The Amazing $5k Terabyte Array
An anonymous reader writes: "Running out of space on your local disk? How about a Terabyte array for only a few thousand dollars. This article at KCGeek.com shows how to put together 1000 Gigs of hard drive space for the cost of a few desktop computers."
I could rip my entire anime collection for instant access! Rip all my
CDs and still have .9 Terabytes left! Maybe Mirror Usenet! I guess
the simple truth is that now that 100 gig drives are a couple hundred
bucks, we now have the ability to store anything we reasonably could
need (unless you define "Reasonable" as "I need to store DNA Sequences").
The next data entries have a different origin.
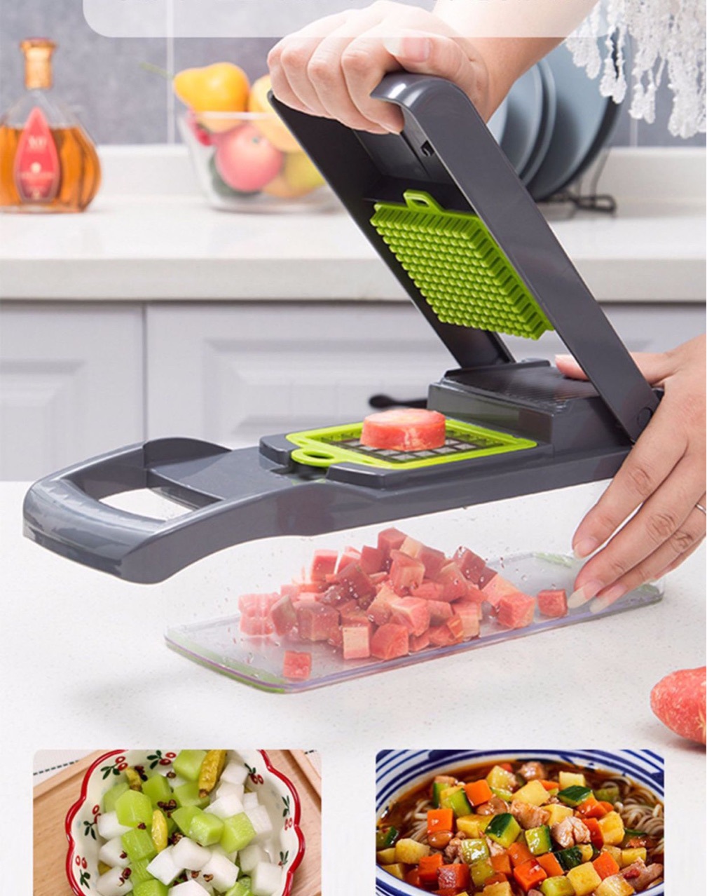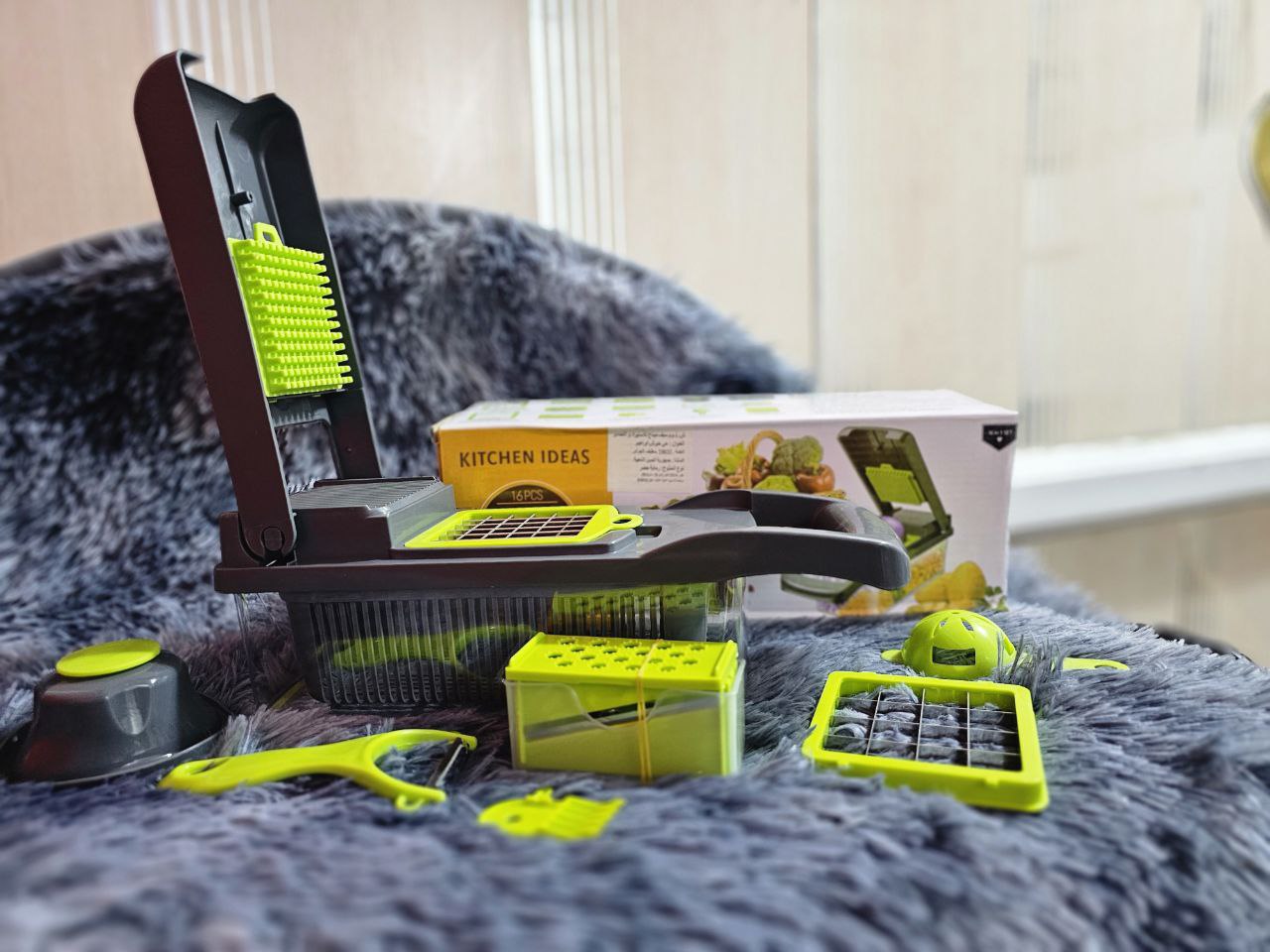 Hachoir à légumes multifonctionnel 14in1 , trancheur, mandoline, hachoir à oignons pour oignon, pomme de terre, tomate, concombre, carotte
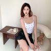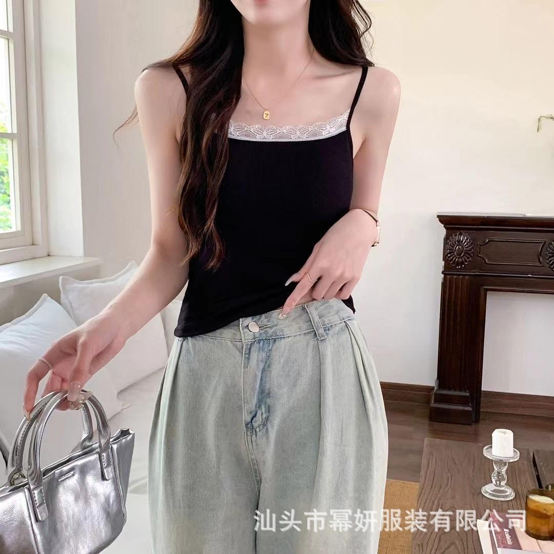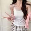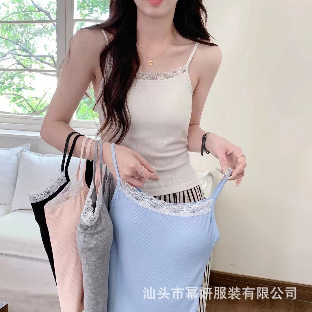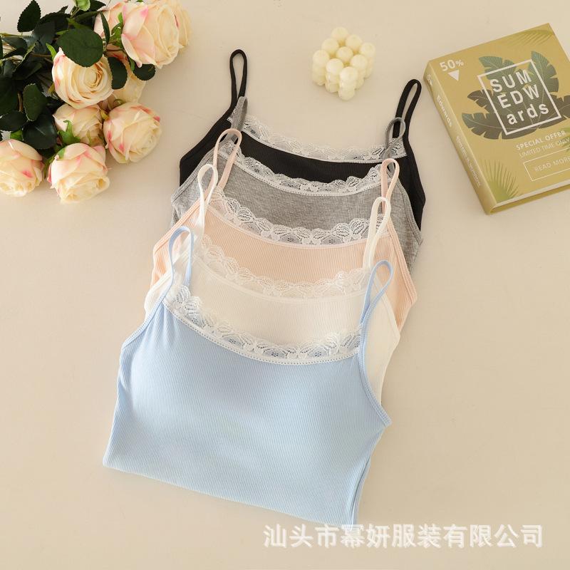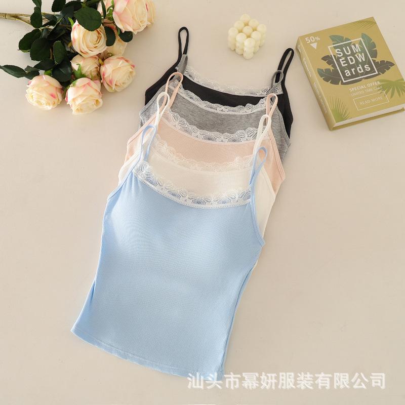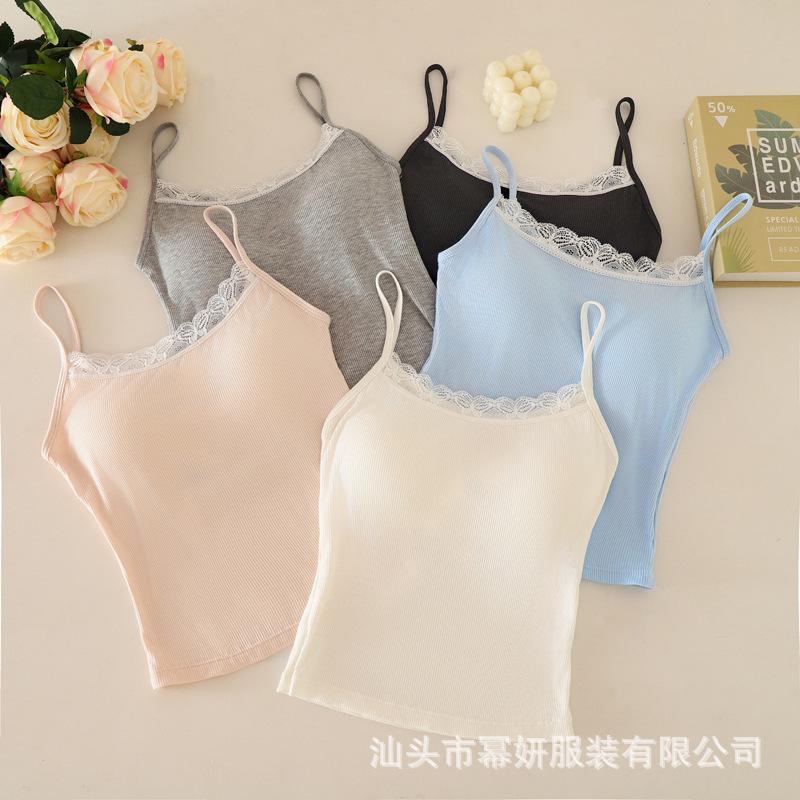 Estilo Deseo Puro Encaje Algodón Tirante Pequeño Color Sólido Chaleco Interior para Mujer Cómodo Combinable Camiseta Base Top con Almohadilla en el Pecho
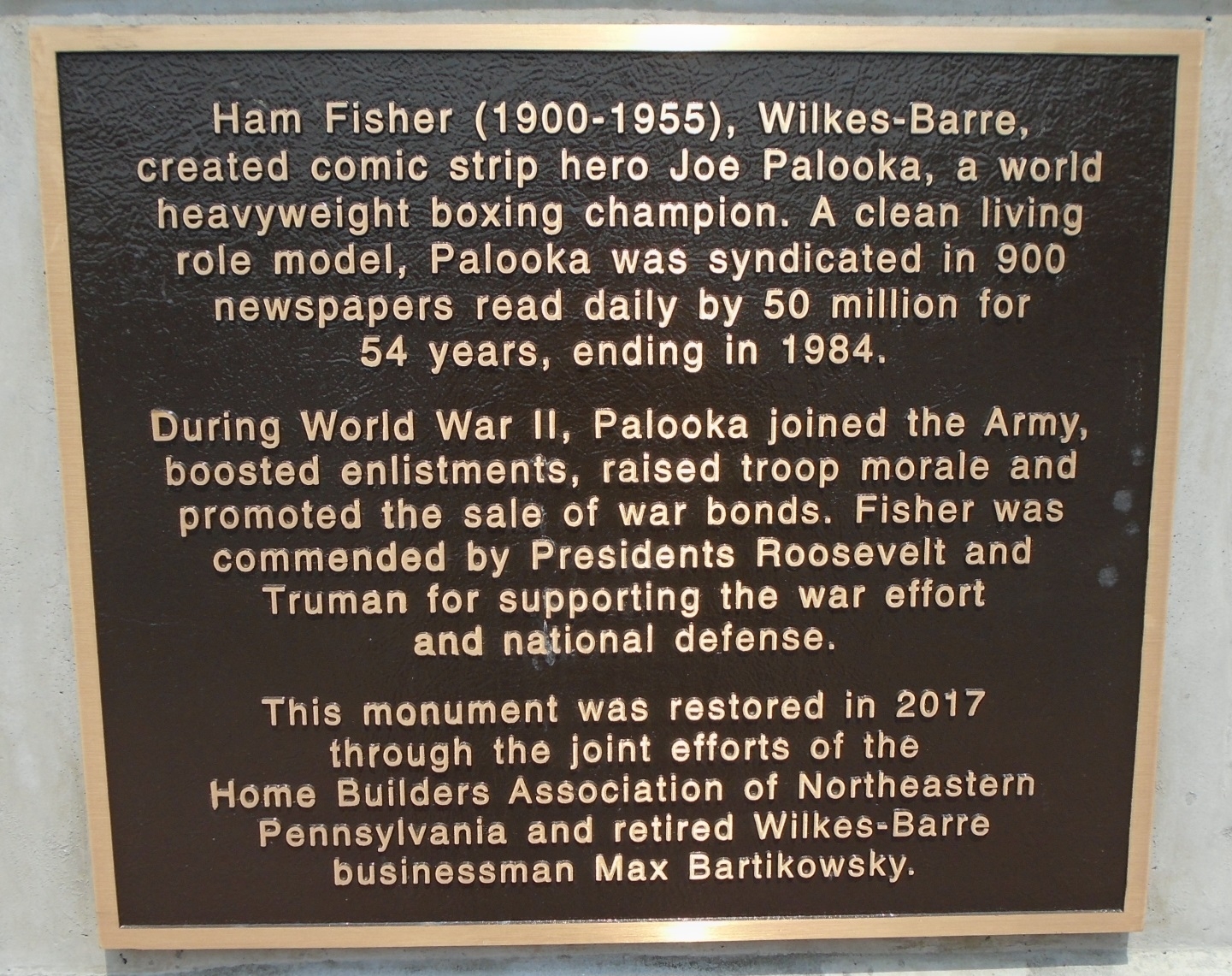 MT. JOE PALOOKA MEMORIAL PLAQUE

yeah , with 160 gig ATA drives out now,
you can do it with 6 drives vs. 10 drives,
and alot of motherboards come with onboard
RAID, and if you use software RAID via
win2k or Volume manager type app for Linux
it would rock .
Cheap too, at $260 per drive per pricewatch .
Peace out...
Actually a DNA sequence is only about 3GB for a human - you're anime DVDs might take more space, at least until you compress them. Then again, DNA should be fairly trivial to compress highly. Let Z = CA, Y = TG, .....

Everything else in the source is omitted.